• [GIVEN DATA]
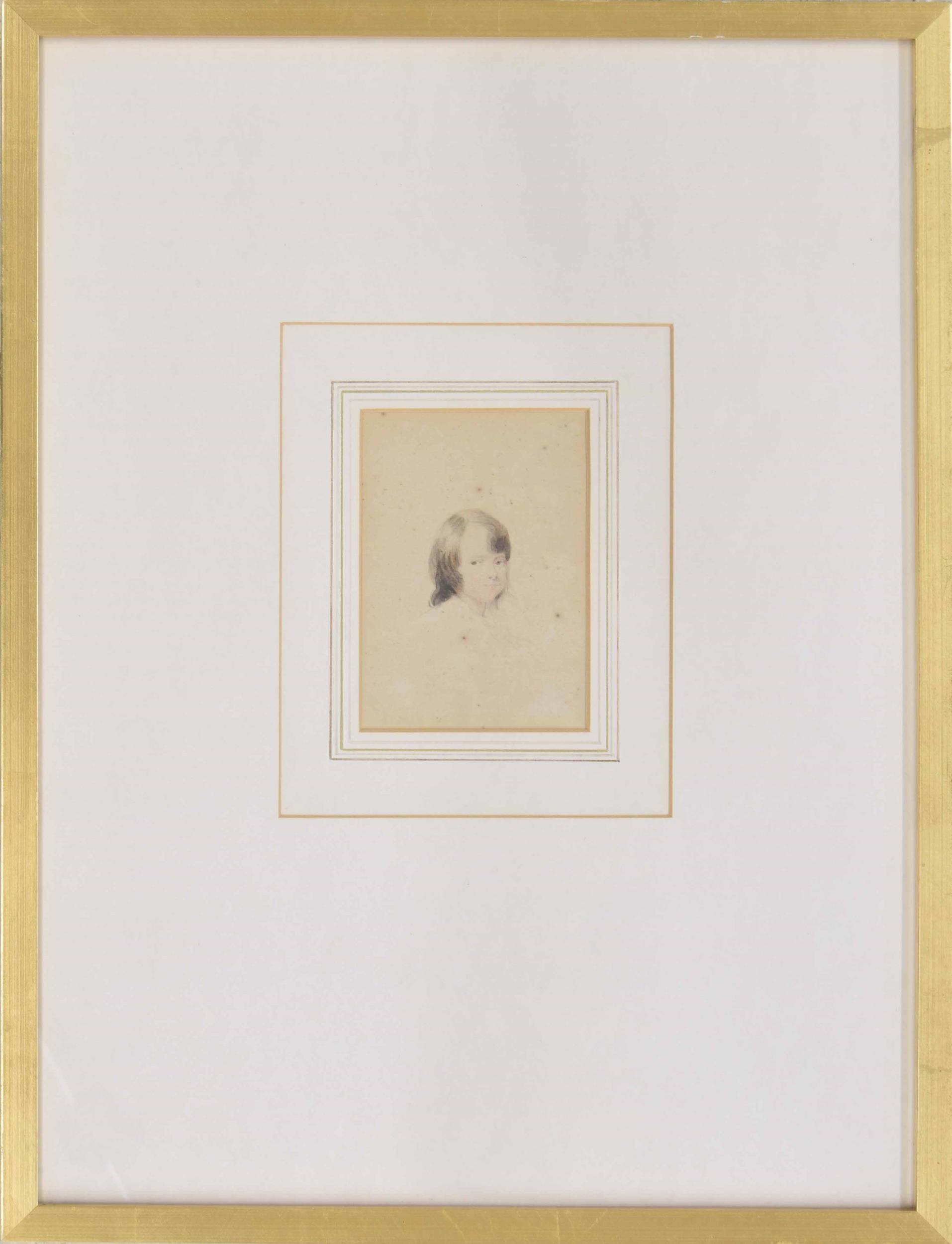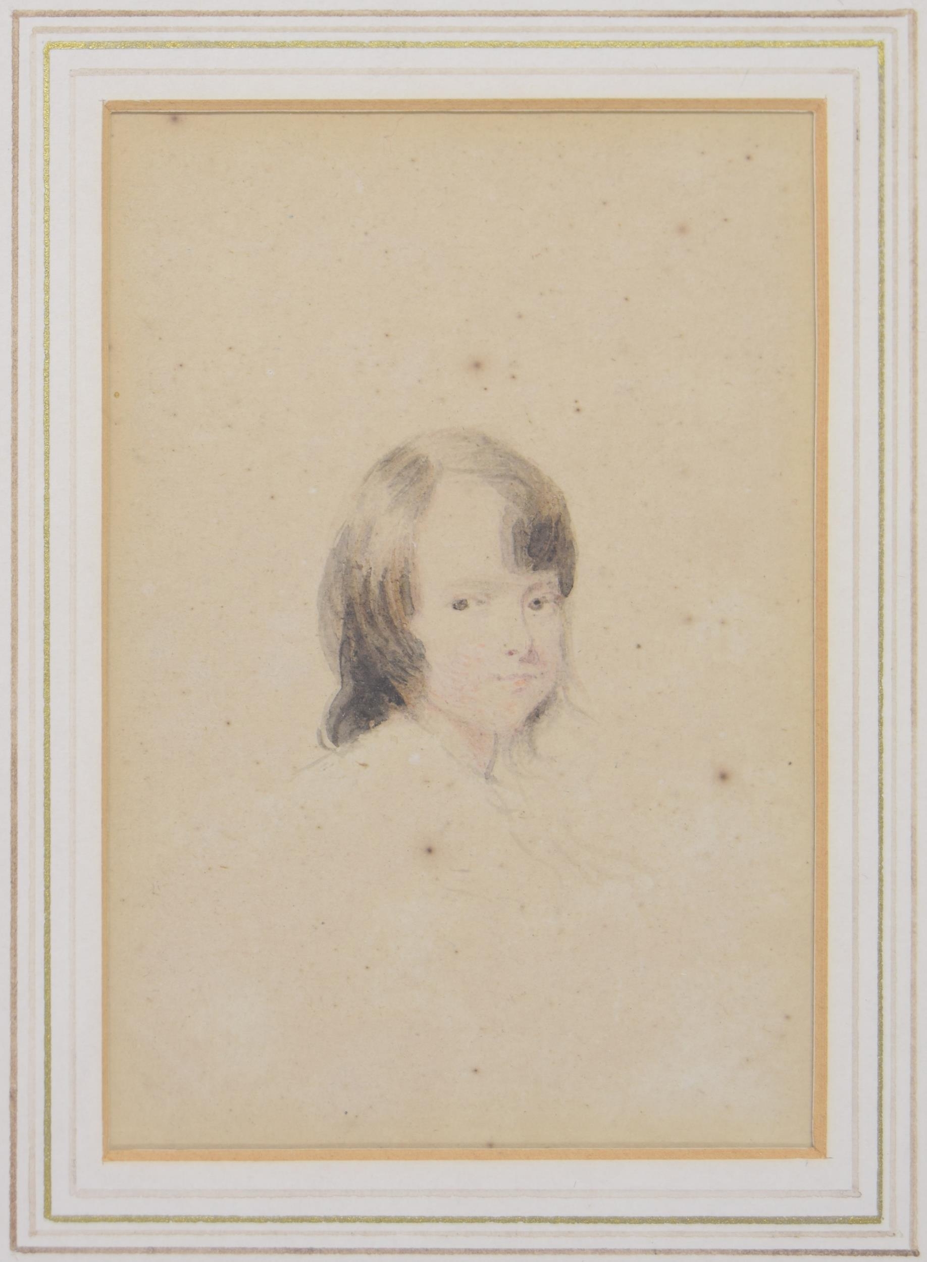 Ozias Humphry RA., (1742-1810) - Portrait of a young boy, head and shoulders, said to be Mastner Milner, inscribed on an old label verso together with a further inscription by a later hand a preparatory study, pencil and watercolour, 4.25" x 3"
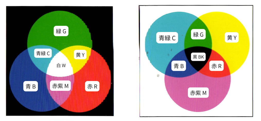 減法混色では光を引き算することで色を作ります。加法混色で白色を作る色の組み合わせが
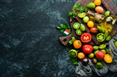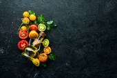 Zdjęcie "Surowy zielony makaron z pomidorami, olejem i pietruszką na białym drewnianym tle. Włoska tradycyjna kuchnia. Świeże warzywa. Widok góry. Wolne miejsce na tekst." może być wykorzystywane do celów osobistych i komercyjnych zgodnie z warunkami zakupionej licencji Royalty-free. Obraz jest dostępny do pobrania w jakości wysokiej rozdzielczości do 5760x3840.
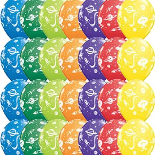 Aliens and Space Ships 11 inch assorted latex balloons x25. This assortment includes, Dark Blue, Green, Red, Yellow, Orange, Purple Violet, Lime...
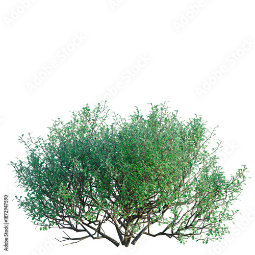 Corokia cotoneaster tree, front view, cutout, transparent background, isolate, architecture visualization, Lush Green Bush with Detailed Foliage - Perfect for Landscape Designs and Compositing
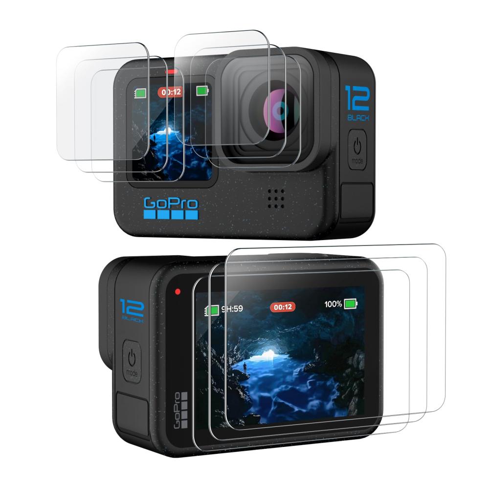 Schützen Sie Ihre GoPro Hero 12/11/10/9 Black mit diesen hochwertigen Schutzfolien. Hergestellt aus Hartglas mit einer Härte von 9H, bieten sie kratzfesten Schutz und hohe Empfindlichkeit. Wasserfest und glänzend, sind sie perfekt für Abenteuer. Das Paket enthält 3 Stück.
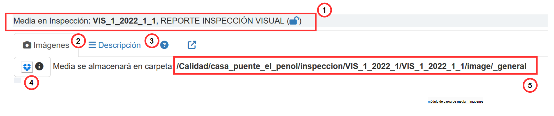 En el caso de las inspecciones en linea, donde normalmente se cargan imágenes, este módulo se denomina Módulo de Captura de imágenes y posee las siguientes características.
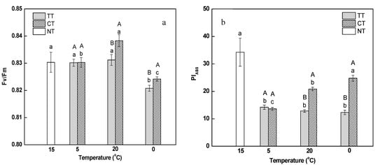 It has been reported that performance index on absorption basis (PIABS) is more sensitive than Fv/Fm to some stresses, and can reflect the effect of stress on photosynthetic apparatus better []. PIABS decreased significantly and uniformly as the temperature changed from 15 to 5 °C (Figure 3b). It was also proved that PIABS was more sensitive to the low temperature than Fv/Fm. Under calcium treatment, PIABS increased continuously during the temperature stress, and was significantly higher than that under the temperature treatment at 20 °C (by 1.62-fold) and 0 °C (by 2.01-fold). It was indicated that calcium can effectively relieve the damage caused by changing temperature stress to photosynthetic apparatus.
---
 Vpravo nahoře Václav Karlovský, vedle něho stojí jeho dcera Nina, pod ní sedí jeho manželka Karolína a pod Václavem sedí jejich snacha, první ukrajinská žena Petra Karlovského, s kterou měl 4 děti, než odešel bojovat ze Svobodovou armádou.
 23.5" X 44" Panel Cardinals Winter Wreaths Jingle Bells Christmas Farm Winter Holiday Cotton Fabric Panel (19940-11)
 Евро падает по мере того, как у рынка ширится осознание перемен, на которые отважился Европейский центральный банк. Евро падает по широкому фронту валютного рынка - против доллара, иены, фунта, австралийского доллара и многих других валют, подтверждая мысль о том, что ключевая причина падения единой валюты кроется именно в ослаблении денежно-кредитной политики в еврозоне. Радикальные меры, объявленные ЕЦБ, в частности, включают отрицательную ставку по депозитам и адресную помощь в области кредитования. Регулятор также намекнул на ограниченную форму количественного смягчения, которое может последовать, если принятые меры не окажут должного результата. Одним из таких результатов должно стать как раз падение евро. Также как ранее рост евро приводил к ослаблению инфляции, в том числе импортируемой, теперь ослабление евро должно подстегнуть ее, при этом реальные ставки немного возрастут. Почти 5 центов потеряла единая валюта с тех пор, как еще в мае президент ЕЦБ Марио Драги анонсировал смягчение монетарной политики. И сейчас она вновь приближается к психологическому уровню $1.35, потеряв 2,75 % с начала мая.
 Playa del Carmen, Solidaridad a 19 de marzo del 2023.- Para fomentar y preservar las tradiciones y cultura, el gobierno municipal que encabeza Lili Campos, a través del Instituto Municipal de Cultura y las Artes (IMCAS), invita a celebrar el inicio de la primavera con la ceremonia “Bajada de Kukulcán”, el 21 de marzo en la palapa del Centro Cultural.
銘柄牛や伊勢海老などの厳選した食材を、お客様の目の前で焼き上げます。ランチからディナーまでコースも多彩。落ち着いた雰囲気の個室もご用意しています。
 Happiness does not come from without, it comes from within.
* * *
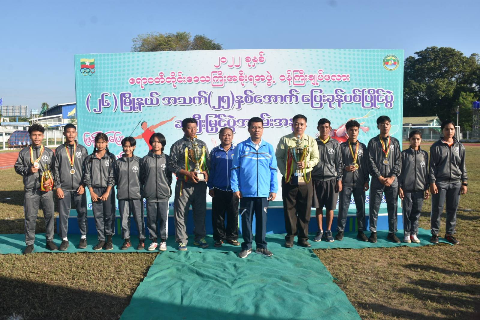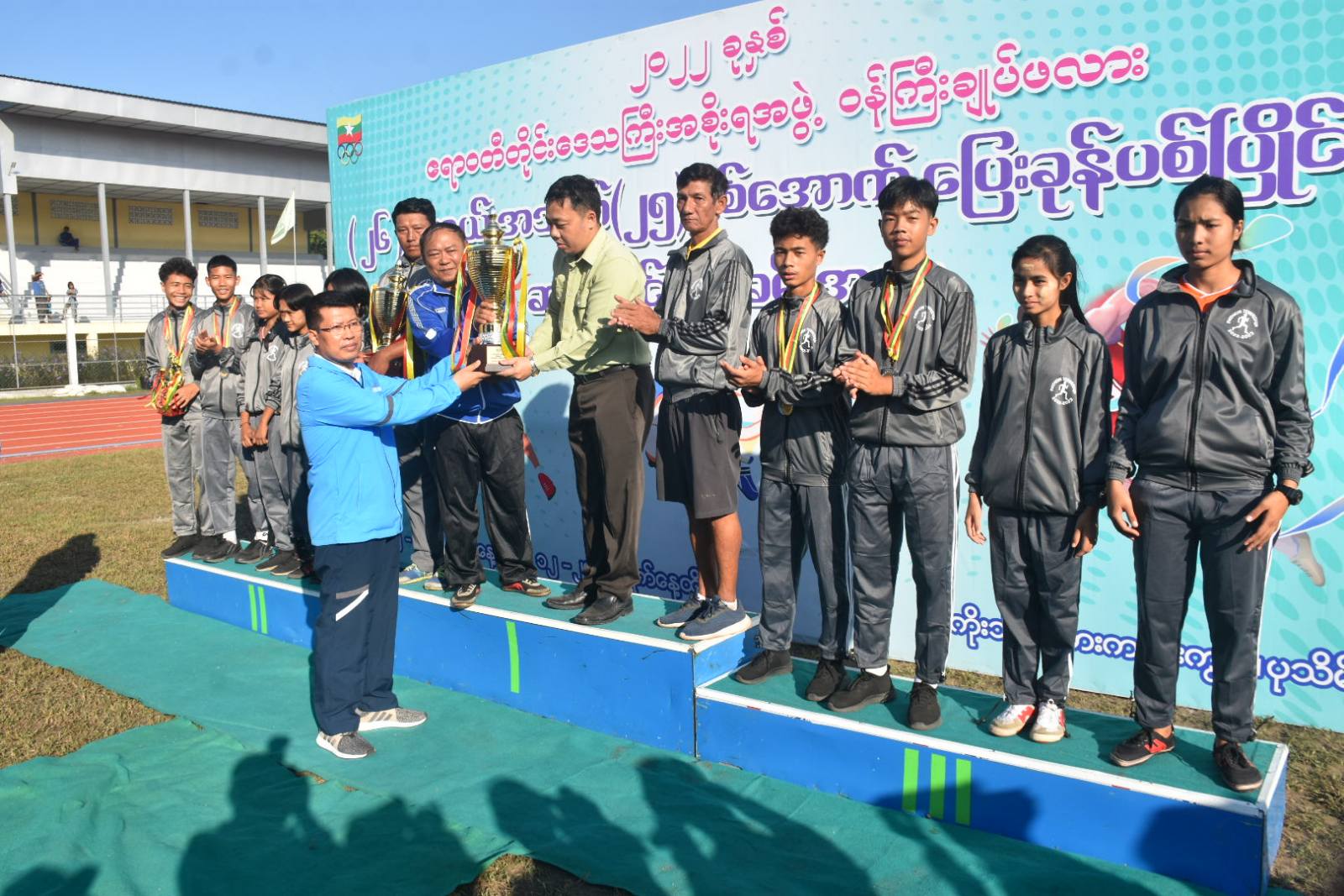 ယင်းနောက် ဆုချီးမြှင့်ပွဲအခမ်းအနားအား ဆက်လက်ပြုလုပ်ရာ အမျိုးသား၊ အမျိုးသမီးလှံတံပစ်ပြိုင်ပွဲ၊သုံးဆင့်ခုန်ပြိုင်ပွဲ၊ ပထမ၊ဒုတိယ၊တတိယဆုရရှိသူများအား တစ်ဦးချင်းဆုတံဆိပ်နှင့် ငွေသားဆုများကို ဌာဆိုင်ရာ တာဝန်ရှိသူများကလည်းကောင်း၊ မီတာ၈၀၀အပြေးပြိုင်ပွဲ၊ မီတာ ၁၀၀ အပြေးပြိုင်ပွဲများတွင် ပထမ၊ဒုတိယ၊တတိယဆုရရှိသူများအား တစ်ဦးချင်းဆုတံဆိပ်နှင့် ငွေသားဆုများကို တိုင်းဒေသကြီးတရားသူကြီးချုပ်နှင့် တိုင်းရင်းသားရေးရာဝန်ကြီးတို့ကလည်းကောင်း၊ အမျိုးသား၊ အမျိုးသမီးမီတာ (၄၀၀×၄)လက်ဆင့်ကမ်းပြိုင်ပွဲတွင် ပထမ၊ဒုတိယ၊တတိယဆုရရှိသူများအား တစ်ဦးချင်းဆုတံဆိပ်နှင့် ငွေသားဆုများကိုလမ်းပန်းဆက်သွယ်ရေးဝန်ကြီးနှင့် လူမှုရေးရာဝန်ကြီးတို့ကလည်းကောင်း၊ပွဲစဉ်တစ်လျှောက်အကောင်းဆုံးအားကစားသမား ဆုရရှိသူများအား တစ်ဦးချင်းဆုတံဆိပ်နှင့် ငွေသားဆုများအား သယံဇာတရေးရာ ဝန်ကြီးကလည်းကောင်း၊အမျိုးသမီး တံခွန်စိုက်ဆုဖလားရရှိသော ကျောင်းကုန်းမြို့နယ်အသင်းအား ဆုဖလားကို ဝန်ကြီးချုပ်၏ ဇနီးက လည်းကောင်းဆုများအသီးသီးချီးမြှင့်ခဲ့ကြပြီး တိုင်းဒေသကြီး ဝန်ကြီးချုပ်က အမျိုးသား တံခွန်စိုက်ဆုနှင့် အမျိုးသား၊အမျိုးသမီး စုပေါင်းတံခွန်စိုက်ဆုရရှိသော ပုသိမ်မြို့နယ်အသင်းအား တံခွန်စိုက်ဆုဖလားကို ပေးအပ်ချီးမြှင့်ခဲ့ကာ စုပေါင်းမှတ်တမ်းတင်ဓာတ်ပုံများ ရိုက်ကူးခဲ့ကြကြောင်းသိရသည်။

• [WHAT TO DO] Starting at the line above with "減法混色では光を引き算するこ", output every line exactly up to and including the line with "Corokia cotoneaster tree, front", but none of the pictures.

• [SOLUTION]
 減法混色では光を引き算することで色を作ります。加法混色で白色を作る色の組み合わせが
 Zdjęcie "Surowy zielony makaron z pomidorami, olejem i pietruszką na białym drewnianym tle. Włoska tradycyjna kuchnia. Świeże warzywa. Widok góry. Wolne miejsce na tekst." może być wykorzystywane do celów osobistych i komercyjnych zgodnie z warunkami zakupionej licencji Royalty-free. Obraz jest dostępny do pobrania w jakości wysokiej rozdzielczości do 5760x3840.
 Aliens and Space Ships 11 inch assorted latex balloons x25. This assortment includes, Dark Blue, Green, Red, Yellow, Orange, Purple Violet, Lime...
 Corokia cotoneaster tree, front view, cutout, transparent background, isolate, architecture visualization, Lush Green Bush with Detailed Foliage - Perfect for Landscape Designs and Compositing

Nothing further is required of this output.